Exercise prompt -
Write out nothing but the lines from the first line of the entries below through the line with "AK Rust, Gasthaus"; no pictures go in.

Records -
== Segment start ==

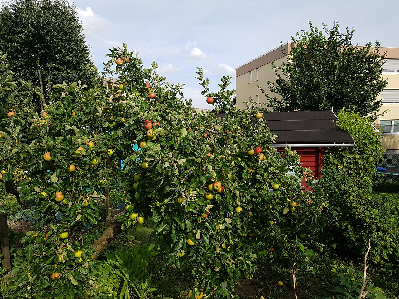 이리저리 둘러보다 보면 온갖 정성 다 들여 정원 하우스를 가꾸는 집들도 보이고 벌써 콜라비에 호박에 주렁주렁 탐 스러이 열린 채소들과 사과 자두 등의 과일을 수확할 때가 다 되어 보이는 집들도 보인다.
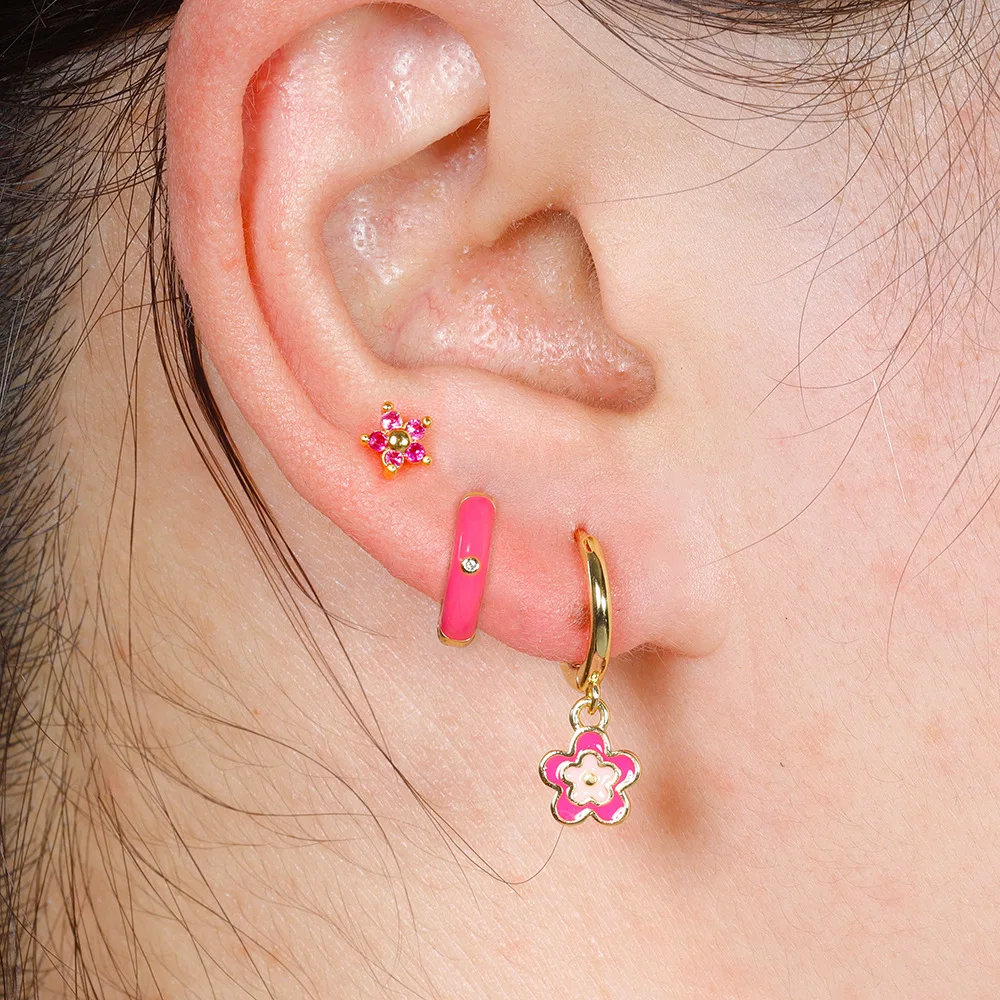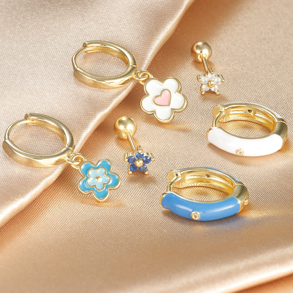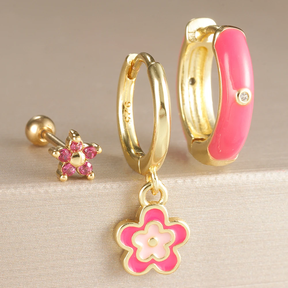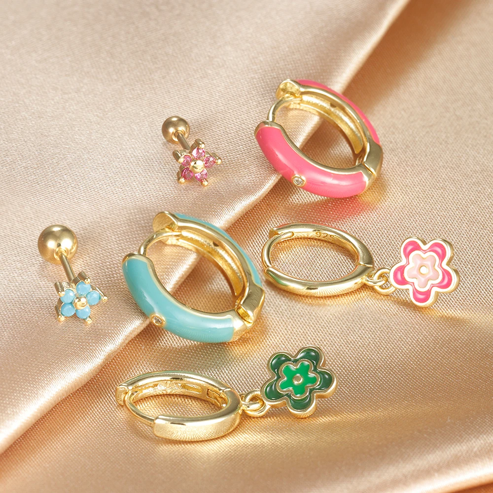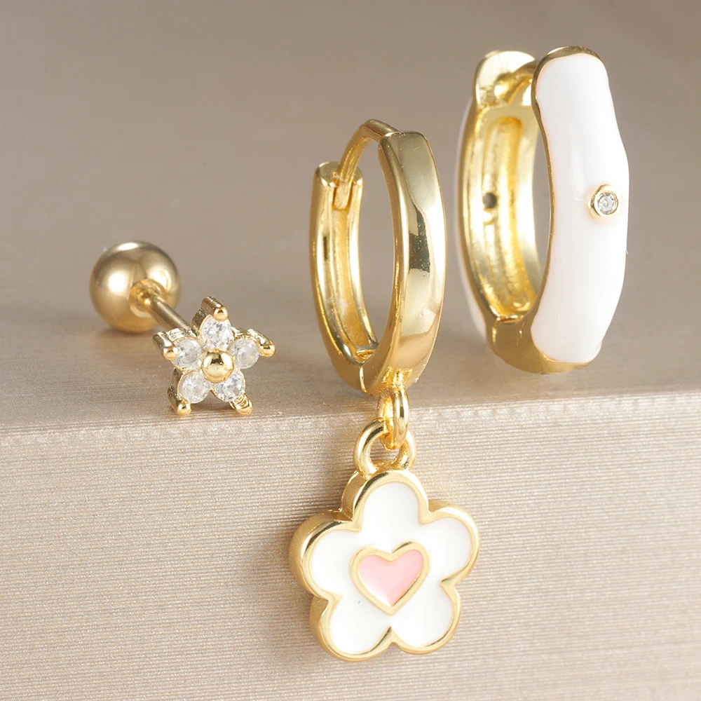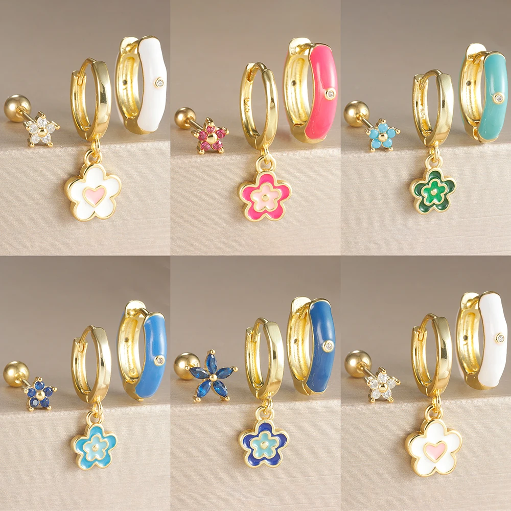 3PCS Stainless Steel Hoop Earrings Set Mini Zircon Lovely Colorful Enamel Cartilage Flower Piercing Earring Jewelry Accessories
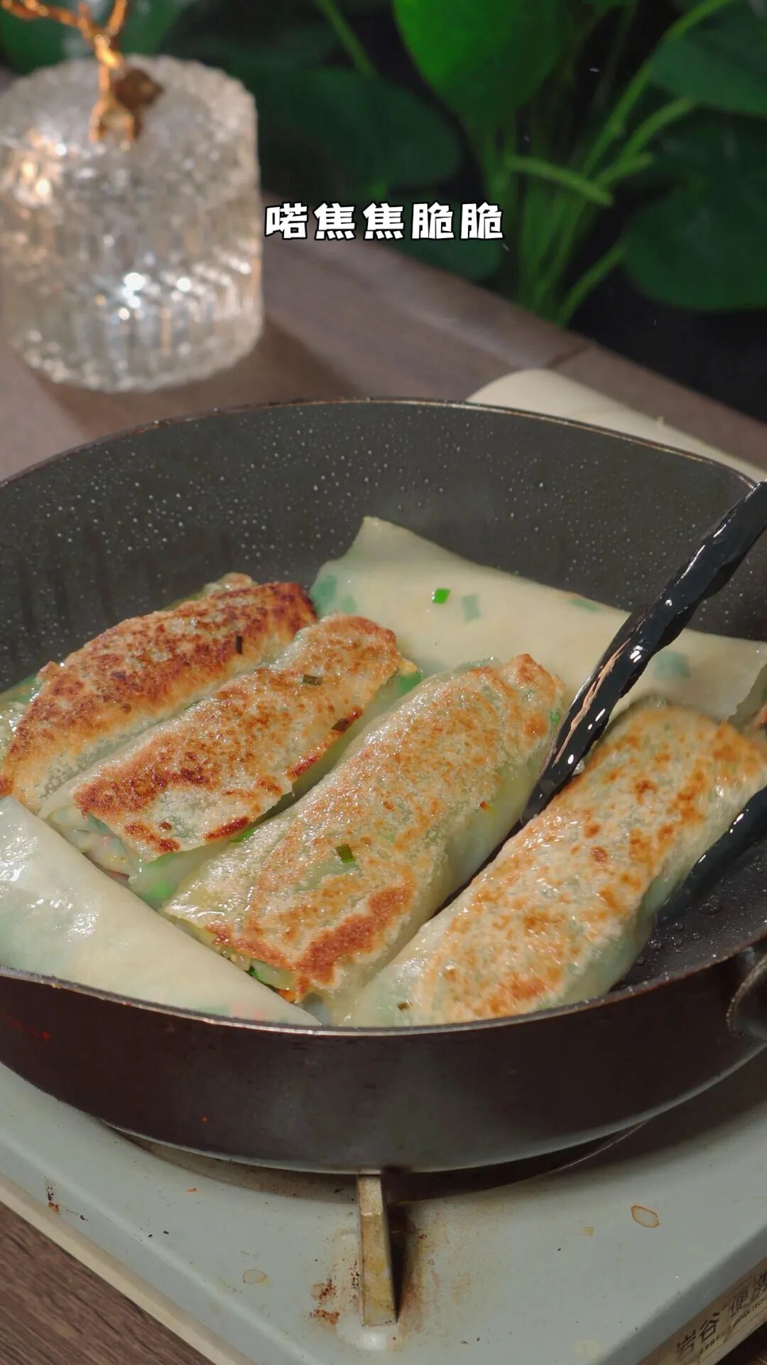 表皮煎的金黄焦脆,入口酥香,还带着一丝饼皮的韧,喷香。 关键是啊,它里面的料也很丰富,鲜香混着饼香,贼过瘾。 有菜有主食,夏天夜晚不想吃饭,来上这么几个饼妥妥的。 不需要揉面就能搞定的韭菜盒子,酥香料多,谁吃谁馋爱! 韭菜1把,鸡蛋3个,红薯粉丝1把,胡萝卜1根
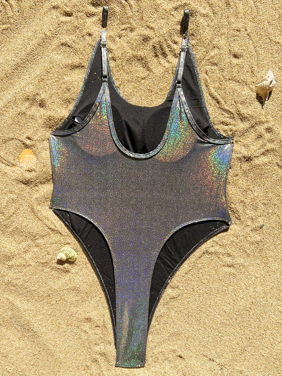 Extreme Mini Micro Thong Glitter Sparkling Women Swimwear One Piece Swimsuit Female High Cut Monokini Bather Bathing Suit Swim
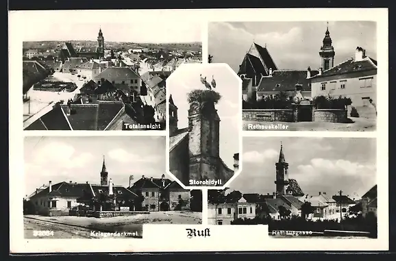 AK Rust, Gasthaus Rathauskeller, Storchidyll, Kriegerdenkmal
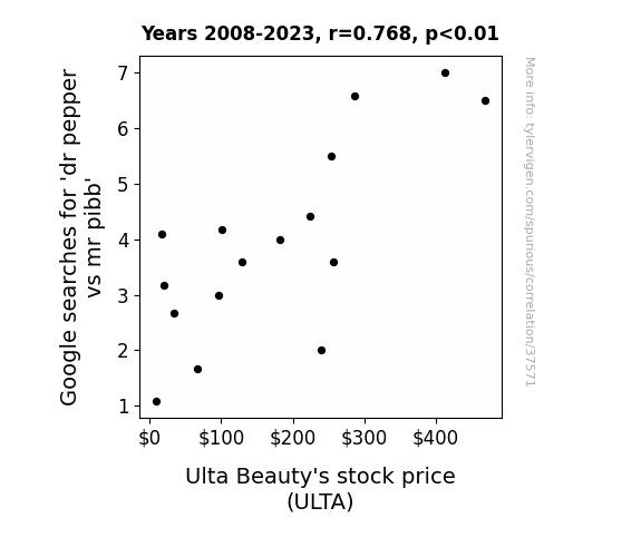 This means 59% of the change in the one variable (i.e., Ulta Beauty's stock price (ULTA)) is predictable based on the change in the other (i.e., Google searches for 'dr pepper vs mr pibb') over the 16 years from 2008 through 2023.

== Segment end ==

Written solution -
 이리저리 둘러보다 보면 온갖 정성 다 들여 정원 하우스를 가꾸는 집들도 보이고 벌써 콜라비에 호박에 주렁주렁 탐 스러이 열린 채소들과 사과 자두 등의 과일을 수확할 때가 다 되어 보이는 집들도 보인다.
 3PCS Stainless Steel Hoop Earrings Set Mini Zircon Lovely Colorful Enamel Cartilage Flower Piercing Earring Jewelry Accessories
 表皮煎的金黄焦脆,入口酥香,还带着一丝饼皮的韧,喷香。 关键是啊,它里面的料也很丰富,鲜香混着饼香,贼过瘾。 有菜有主食,夏天夜晚不想吃饭,来上这么几个饼妥妥的。 不需要揉面就能搞定的韭菜盒子,酥香料多,谁吃谁馋爱! 韭菜1把,鸡蛋3个,红薯粉丝1把,胡萝卜1根
 Extreme Mini Micro Thong Glitter Sparkling Women Swimwear One Piece Swimsuit Female High Cut Monokini Bather Bathing Suit Swim
 AK Rust, Gasthaus Rathauskeller, Storchidyll, Kriegerdenkmal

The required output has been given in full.